Burosch Panasonic: VIERA TVs mit SAT>IP
Panasonic: VIERA TVs mit SAT>IP

 

Mit Sat-IP ist die Wiedergabe über das heimische Netzwerk auf fast allen Computern, Tablet-PCs und Smartphones sowie auf allen gängigen TV-Geräten mit SAT>IP-Client möglich. Als erster Hersteller stattete Panasonic bereits im Herbst 2014 seine VIERA TV-Reihe mit einem integrierten SAT>IP-Server aus, der das Satelliten-Signal in ein IP-Signal umwandelt.

 

Was ist Sat-IP?
Bei SAT-IP handelt es sich um einen herstellerunabhängigen europäischen Standard mit CENELEC-Zertifikat. Die Sat-over-IP-Technik (Sat-IP oder SAT>IP) ist eine neue IP-basierte Architektur, die Fernsehsignale vom Satelliten direkt in die IP-Welt „übersetzt“ (IP: Internet-Protokoll). Der Sat-IP-Converter macht den Empfang und die kabelfreie Verteilung von Satellitenfernsehen überall im Haus möglich.

 

Wie funktioniert Sat-IP?
Der Sat-Empfänger wird zum Server. Dabei werden über LNB oder Multischalter  empfangene DVB-S- oder DVB-S2-Signale konvertiert und in IP-Pakete gekapselt. Oder einfacher ausgedrückt: Sat-IP kann digitale Satellitenfernsehsignale direkt in IP-Signale umsetzen, um diese dann über ein bestehendes IP-Netzwerk (WLAN, Ethernet, Powerline) zu verteilen. Sat-IP ermöglicht so die Nutzung der digitalen Satelliten-Signale auf allen Multimedia-IP-Geräten, mit denen bis zu acht HD-Programme oder bis zu 30 SD-Programme gleichzeitig empfangen werden können (Stand: 2015).

 

 Burosch Panasonic Sat>IP Vom Server zum ClientPanasonic: Sat>IP - Vom Server zum Client

 

 

Welche Geräte empfangen Sat-IP (Clients)?
Smartphone- und Tablet-Apps: Verschiedene Sat-IP-Apps stehen für iOS, Android und Windows zum Teil kostenlos zur Verfügung. Computer/Notebooks: Für Windows gibt es hier u.a. das Programm „DVB-Viewer“, das ursprünglich für den Digital-TV-Empfang am PC per SAT-TV-Karte oder DVB-T-Stick entwickelt wurde. Außerdem kann man sich das TV-Programm beispielsweise über den kostenlosen VLC Player oder Windows Media Player auf den Schirm holen. Für Mac steht bisher des Programm „Elgato EyeTV 3“ zur Verfügung.  Mit dem Plugin „vdr-plugin-satip“ ist das unter Linux laufende Programm VDR (Video Disk Recorder) mit dem Sat-IP-Protokoll kompatibel.

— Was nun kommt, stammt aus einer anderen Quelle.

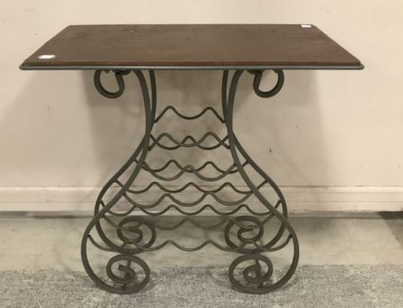 Modern Metal Wine Rack Table, silver painted base with painted wood top, 30"h., 28"w., 18"d. Modern Metal Wine Rack Table, silver painted base with painted wood top, 30"h., 28"w., 18"d.

Netzwerkplayer (DLNA/UPnP AV): Sat-IP nutzt die vorhandenen Standardss für das Heimnetzwerk, wie DLNA (Digital Living Network Alliance) oder UPnP AV (Universal Plug and Play), denn jedenfalls die meisten Sat-IP-Server haben eine DLNA-Serverfunktion. Insofern können beinahe alle Netzwerkplayer als Sat-IP-Abspieler verwendet werden.

Multimedia-Konsolen (Set-Top-Box): Die neueren Generationen von X-Box & Co. gewährleisten ebenfalls den digitalen Sat-Empfang.

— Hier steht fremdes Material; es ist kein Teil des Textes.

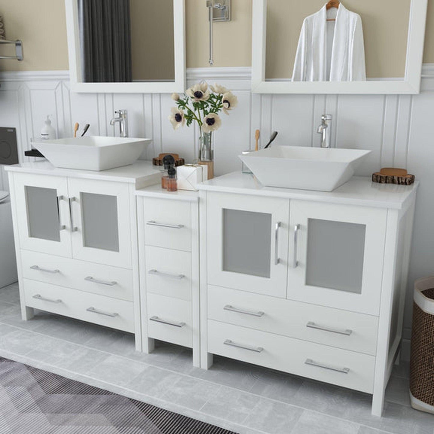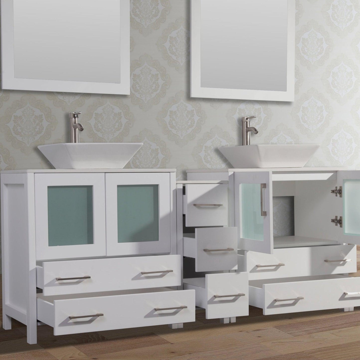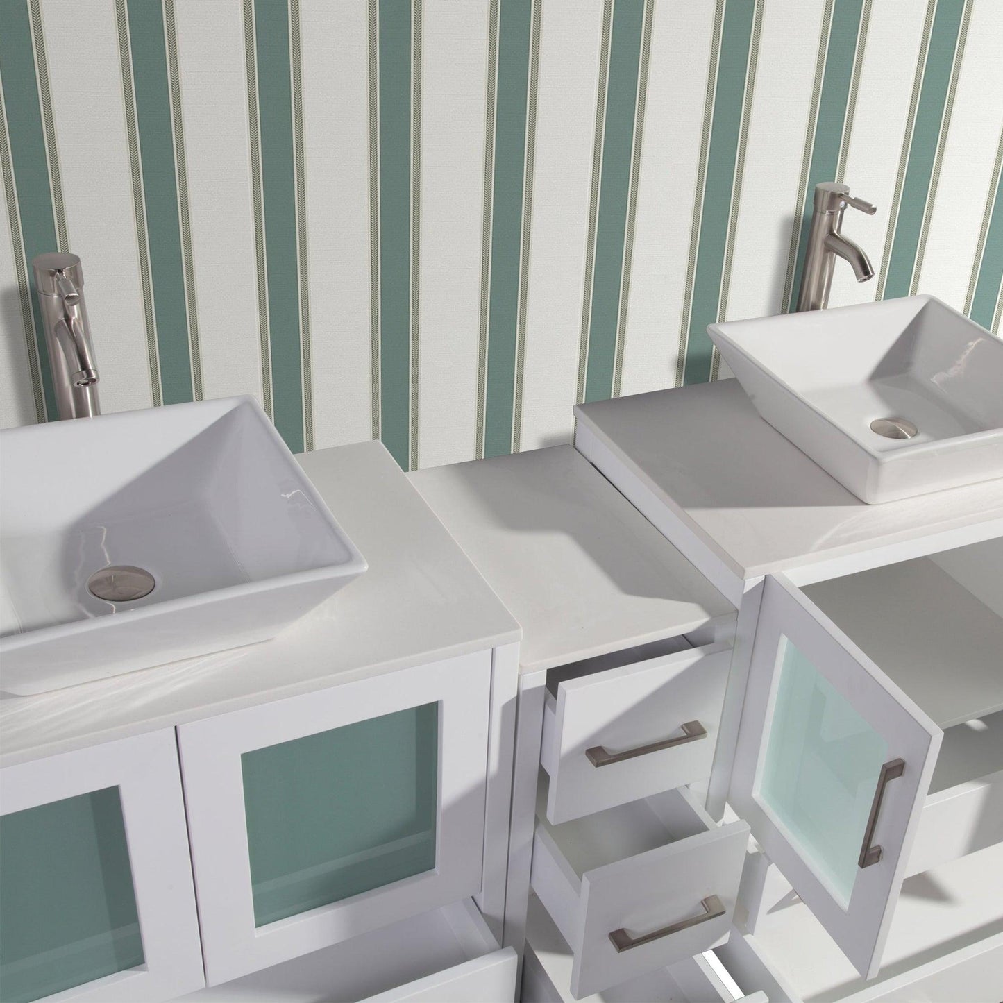 Vanity Art Ravenna 72" Double White Freestanding Vanity Set With White Engineered Marble Top, Ceramic Vessel Sink, 1 Side Cabinet and 2 Mirrors

Fernseher: Natürlich sind auch internetfähige Smart-TVs (die also HTTP-Streaming beherrschen und bei denen ein Codec auf Client verfügbar bzw. lizenziert ist) in der Lage, die über das Netzwerk übermittelten TV-Programme wiederzugeben. Nach aktuellem Stand (2015) gibt es allerdings hier noch keine passenden Apps. Deshalb muss man bis auf weiteres auf den Digital-TV-Komfort verzichten. Auch das zügige Umschalten ist kaum möglich. Jedenfalls, wenn über einen herkömmlichen DLNA-Player empfangen wird. Auch zusätzliche Digital-TV-Daten (EPG) können nicht dar-gestellt werden. Für unbeschwerte Fernsehabende lohnt sich in jedem Fall der passende Sat-IP-Receiver, der im Übrigen an jeden handelsüblichen Fernseher an-geschlossen werden kann.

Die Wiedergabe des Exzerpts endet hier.